# OK Question about lights



## tinman (Nov 3, 2009)

i have a coralife fixture on my 29 tall 

it has 2 bulbs with 20watts each i believe but one of them is a coralife colormax thing looks purple and very dim 
the other one is a 6800 HO white tube 

they are T5 lights 

would it be enough to leave them for 7hrs a day for my plants ( i also get a lot of sunlight on half of the tank ) and i add seachemflourish every 3 days. 

i haveno idea what plants i have forgot the names but they grow pretty well.


----------



## tinman (Nov 3, 2009)

here is my tank pic 

i know the middle one is amazon sword and the one on the right is anacharis 

no idea about the other 2


----------



## jrman83 (Jul 9, 2010)

If they are growing fine and you have no problems then you're okay. Your plants pretty much tell you if you're doing the right thing and sounds like you are if they are doing well.


----------



## majerah1 (Oct 29, 2010)

I say,sent them to me and Ill check em out for ya hehe.

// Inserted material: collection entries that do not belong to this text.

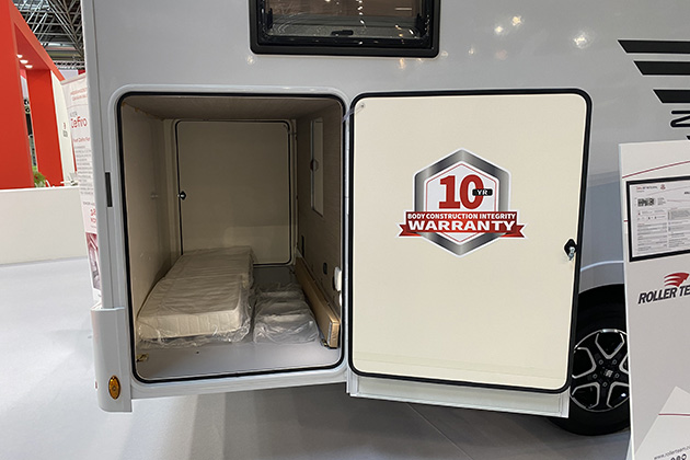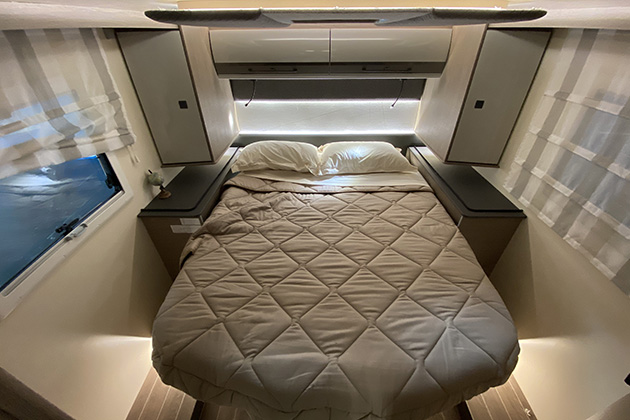 Zefiro 267 Integral offre il letto matrimoniale centrale con gli armadi a fianco della testiera. Su entrambi i modelli, parte dello spazio sotto ai letti è utilizzato per ricavare il vano garage.
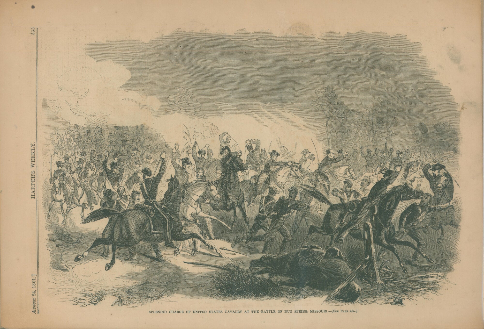 Unattributed. "Splendid Charge of United States Cavalry at the Battle of Dug Spring, Missouri."
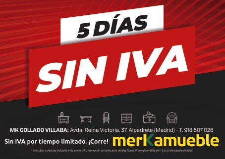 Salones, dormitorios, muebles juveniles, sofás, colchones, muebles auxiliares… aprovecha esta oportunidad y amuebla tu hogar con todo, menos con el IVA. No dejes pasar una ocasión única.
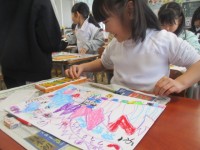 読書感想画の授業が始まりました。「てぶくろ」のお話を読んで、思い浮かべたことを絵にあらわしています。今日は、それぞれの動物たちの配置を決めたり、動物の輪郭を描いたりしていました。「こんなのもいいよね」「もっと大きく描いたほうがいいかな」と、一生懸命描いていました。
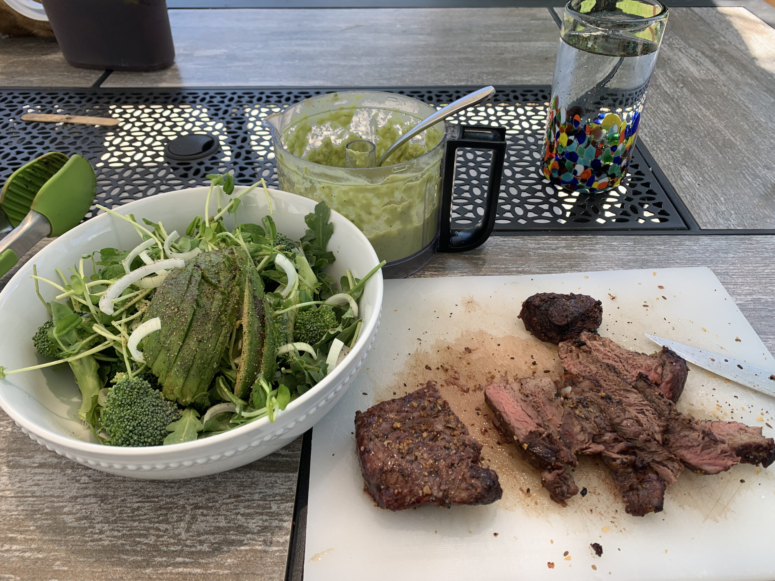 Grilled steak and arugula salad for lunch. Working from home has its perks. This was the first freshly grilled steak I’ve ever made myself during the workday. The salad was big with sprouts, arugula, broccoli, carrots, and some other random veggies. I surprised myself by avoiding the dressings in the fridge and whipping up the planned avocado dressing which I had failed to prepare the night before. It was a bit thick but very tasty and I’m glad I made it.
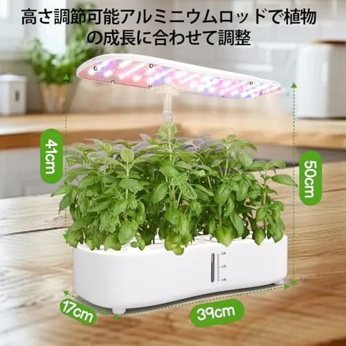高さ調整可能で室内栽培に最適:植物の成長に合わせて高さを調整可能なLEDライトを搭載。均一な光を確保し、室内での水耕栽培をサポート。取り外し可能なライトポールでメンテナンスも簡単。大葉やハーブの栽培にも最適です
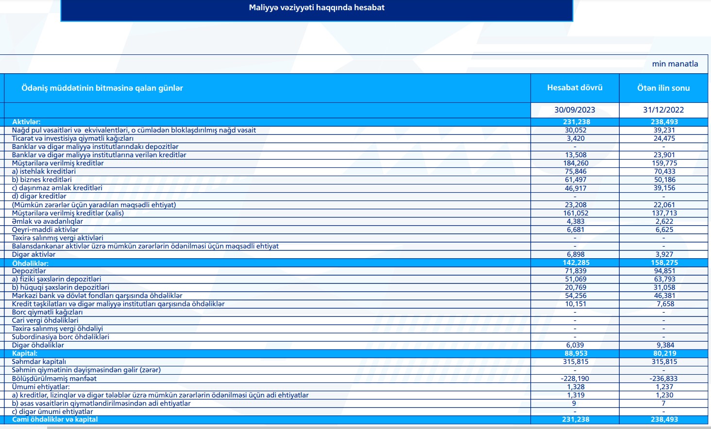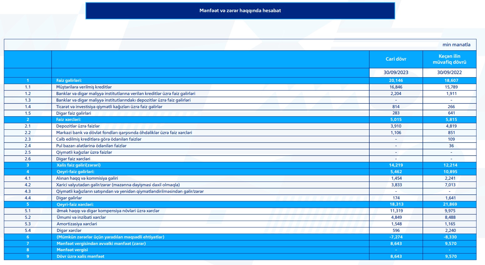 Bankın yaydığı məlumatda bildirilir ki, 30 sentyabr 2023-cü il tarixinə bankın aktivləri 231 milyon 238 min manat təşkil edib, bu da 2022-ci ilin eyni dövrü ilə müqayisədə 5,5% çoxdur. Bank hesabat dövrünü 8 milyon 643 min manat xalis mənfəətlə başa vurub.

cabomba and hygro.The plants should do fine with the lighting,like mentioned above,they will let ya know if somethings wrong.


----------



## tinman (Nov 3, 2009)

jrman83 said:


> If they are growing fine and you have no problems then you're okay. Your plants pretty much tell you if you're doing the right thing and sounds like you are if they are doing well.


cool 
also my substrate is sand


----------



## phys (Feb 4, 2011)

nice looking tank! You could increase the lighting if you'd like but if they're growing fine, then no worries. the plants in the back left are java fern i believe.


----------



## mfgann (Oct 21, 2010)

FYI I have a 29G that I retro-fitted with a 36" dual bulb T5 fixture (21W per bulb). This has been plenty of light for the plants I have in there, and in fact my wife is amazed at how much like a jungle it has become. I have wisteria, red ludwigia, corkscrew vals, an amazon sword, najas (guppy grass), and a couple of crypt wendtiis. All of it is growing very well. I do not use any fertilizers except an occasional squirt of flourish excel (mostly to keep BBA algae at bay), and some API root tabs. Also it is a standard geometry 29G.

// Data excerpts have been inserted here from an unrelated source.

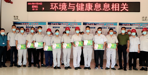 劉承志主席為生產(chǎn)一線員工送來牛奶、綠豆、白糖、大米等防暑降溫慰問品,細心叮囑要認(rèn)真做好防暑降溫和疫情防控工作,確保平安度過夏天。(神特宣)
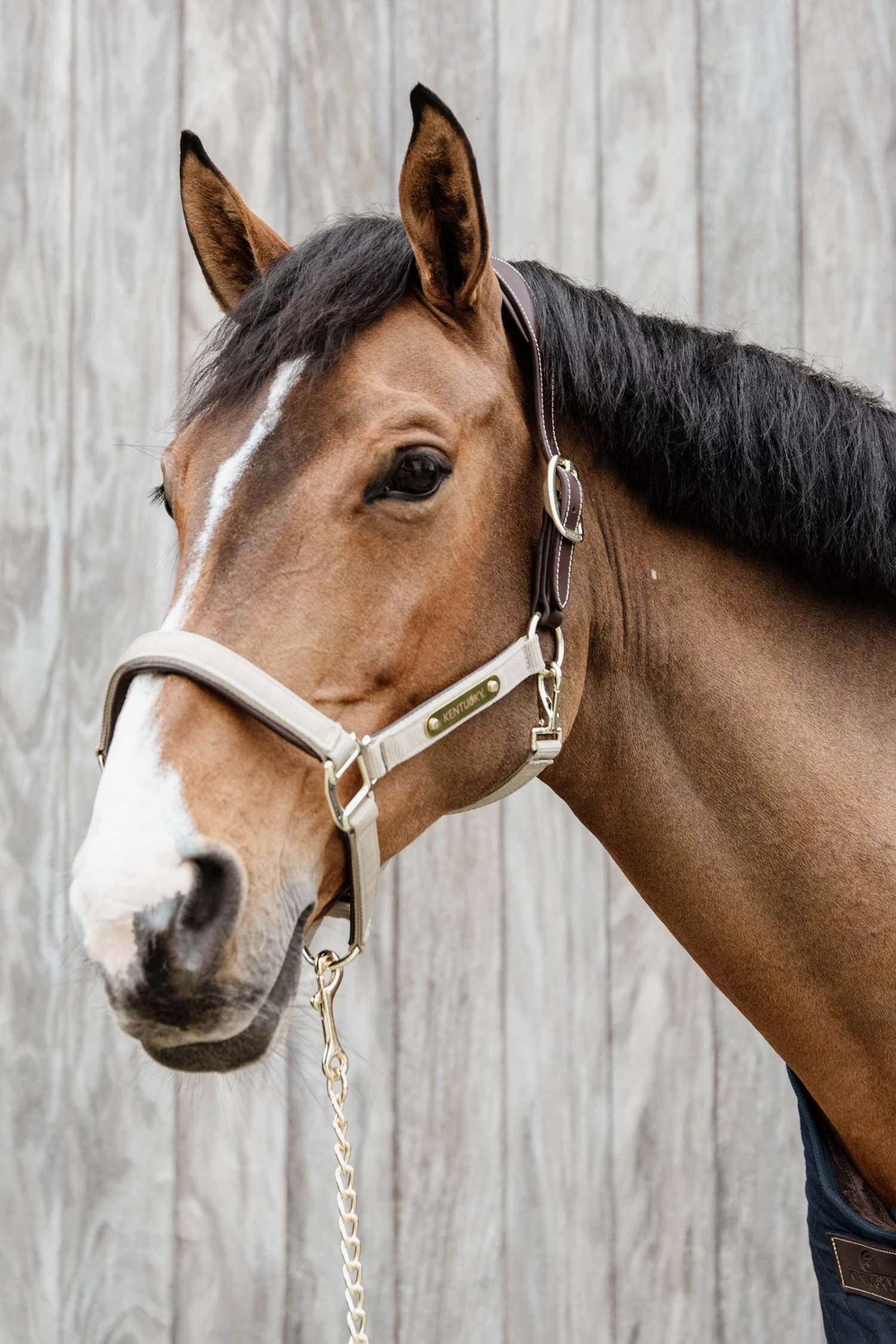 The halter is available in size full and COB. The neckpiece is anatomically shaped for more comfort. To adjust the halter, you can use the 2 buckles on the side of the neckpiece. The nameplate on the halter can be turned over and engraved with the name of your horse.
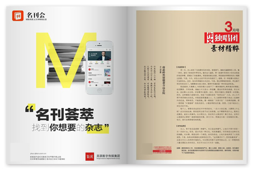《課堂內外·作文獨唱團》雜志,(月刊),是面向全國發行的學習輔導類期刊,雜志擁有獨到的思維與敏銳的眼光,使得雜志成為眾多國際大品牌客戶重視的核心媒體之一。提供當月熱點信息解讀當下社會熱點信息、展現評論和觀點、分析原因和發展進程。“時時速資訊熱話題”等板塊,給中學生帶來新鮮的作文素材。
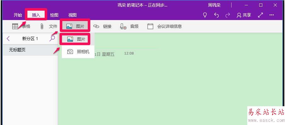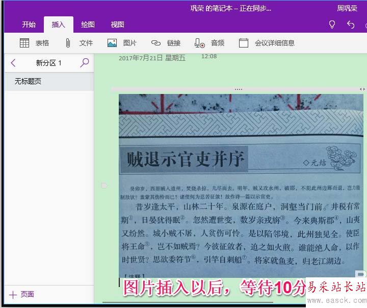 3、選取我們需要轉(zhuǎn)換文字的圖片,插入到筆記本中,等待10分鐘左右(正在同步);

The T5 bulbs are very effecient and you can really grow things well starting at about 1.5W per gallon. Its only some of the very high-light plants I would worry about.

Good luck

edit: 

I just rechecked and saw the geometry of your tank. I might would worry a little because of the depth the light has to travel.. not as sure as I was, but I would still think you might be okay, because you would have more intense lights than mine to get 40W in such a small surface area. Let us know how it goes. Also, I'll mention I had to cut back on my lights from about 11 hours/day to 8 or 9 hours a day to keep algae at bay.


----------



## tinman (Nov 3, 2009)

im actually thinking of that coralife puple bulb to a normal T5 HO 
would that help ??


----------



## tinman (Nov 3, 2009)

majerah1 said:


> I say,sent them to me and Ill check em out for ya hehe.
> 
> cabomba and hygro.The plants should do fine with the lighting,like mentioned above,they will let ya know if somethings wrong.


hi majerah 

it doesnt look like cabomba. 
here are the pics for .............. 

1. first plant in question  





2. second plant in question ( it looks like hygro, thanks majerah ) 

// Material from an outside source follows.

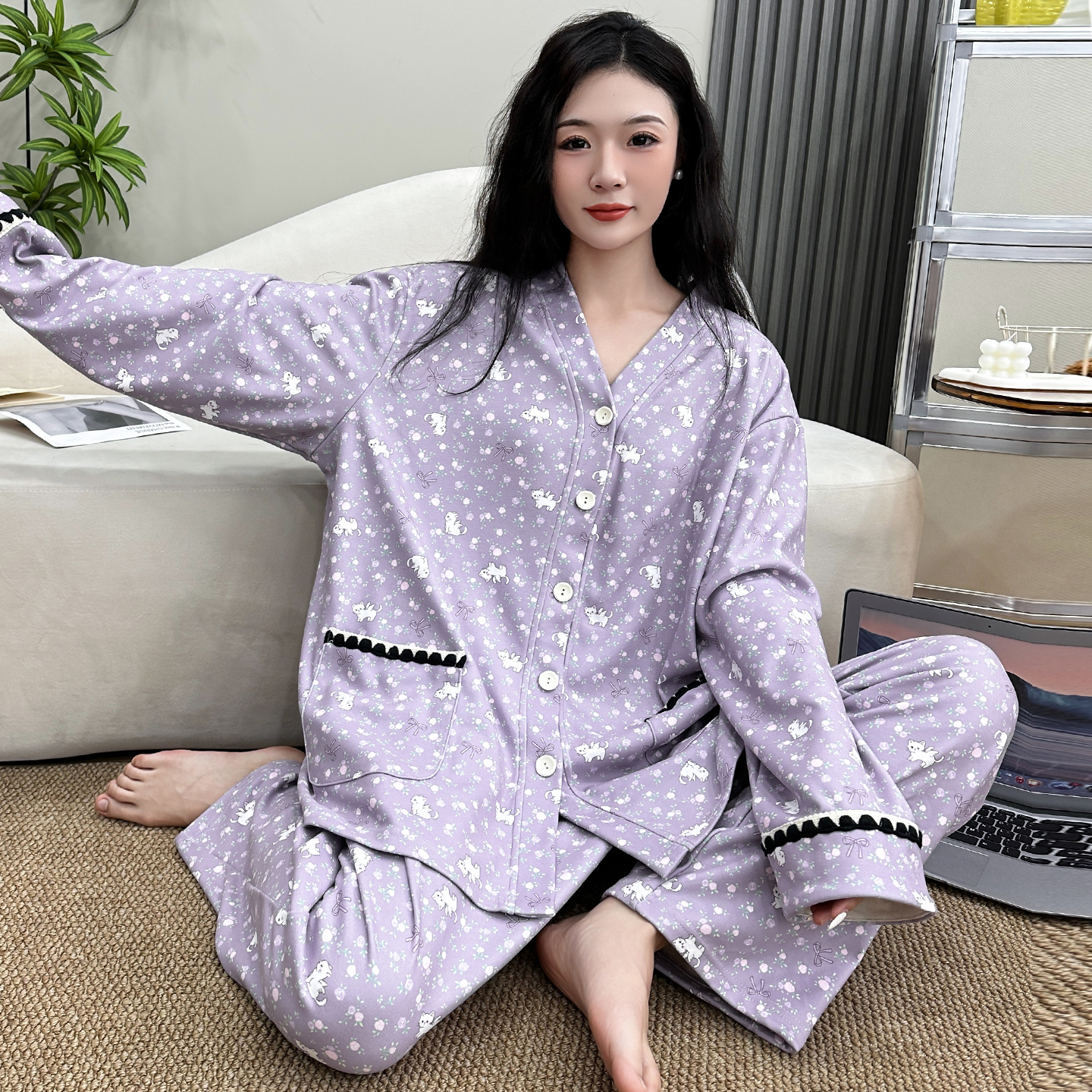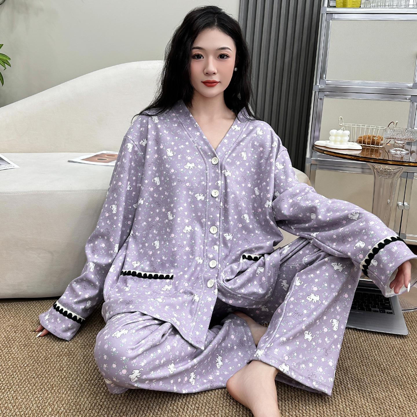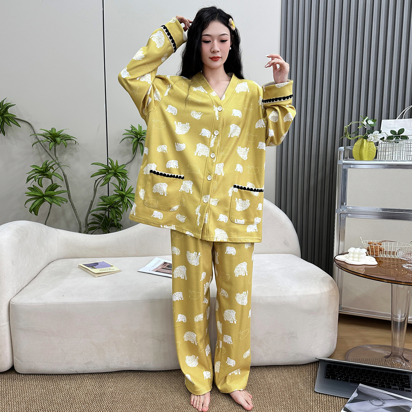 中厚款 胖mm宽松长袖 绵羊毛保暖家居服200斤 保暖睡衣女士大码 冬季

i have no idea why the second plant is in 2 different shades at two different locations in the aquarium


----------



## majerah1 (Oct 29, 2010)

OK the last pic looks like giant hygro.I was looking at another for the cabomba,so yeah its not that.
Heres a giant hygro:PlantGeek.net - Hygrophila corymbosa v. 'Siamensis'
Green hygro:PlantGeek.net - Hygrophila polysperma
Sunset hygro:PlantGeek.net - Hygrophila polysperma 'Rosanervig'

The other plant,no idea,lol.


----------



## tinman (Nov 3, 2009)

majerah1 said:


> OK the last pic looks like giant hygro.I was looking at another for the cabomba,so yeah its not that.
> Heres a giant hygro:PlantGeek.net - Hygrophila corymbosa v. 'Siamensis'
> Green hygro:PlantGeek.net - Hygrophila polysperma
> Sunset hygro:PlantGeek.net - Hygrophila polysperma 'Rosanervig'
> ...


ummm ok 
yea looks like hygro 

the other one looks similar to anacharis but the leaf spacing is wider and its more flexible


----------



## Gizmo (Dec 6, 2010)

I run a 48 Watt T5HO over my 29 tall for 12 hours a day. No algae problems, or at least none that my veritable army of RCS can't handle


----------



## jrman83 (Jul 9, 2010)

[email protected] said:


> I run a 48 Watt T5HO over my 29 tall for 12 hours a day. No algae problems, or at least none that my veritable army of RCS can't handle


Wow, I have the same setup as you - roughly. I keep mine on only 6hrs. My plants are doing pretty well though and no algae problem, per se. I honestly haven't thought about moving it out.


----------



## saltydad (Jun 27, 2008)

Plant #1 definitely is Wisteria 
(Hygrophila difformis)


----------



## jrman83 (Jul 9, 2010)

saltydad said:


> Plant #1 definitely is Wisteria
> (Hygrophila difformis)


Afraid not. This is Wisteria.


----------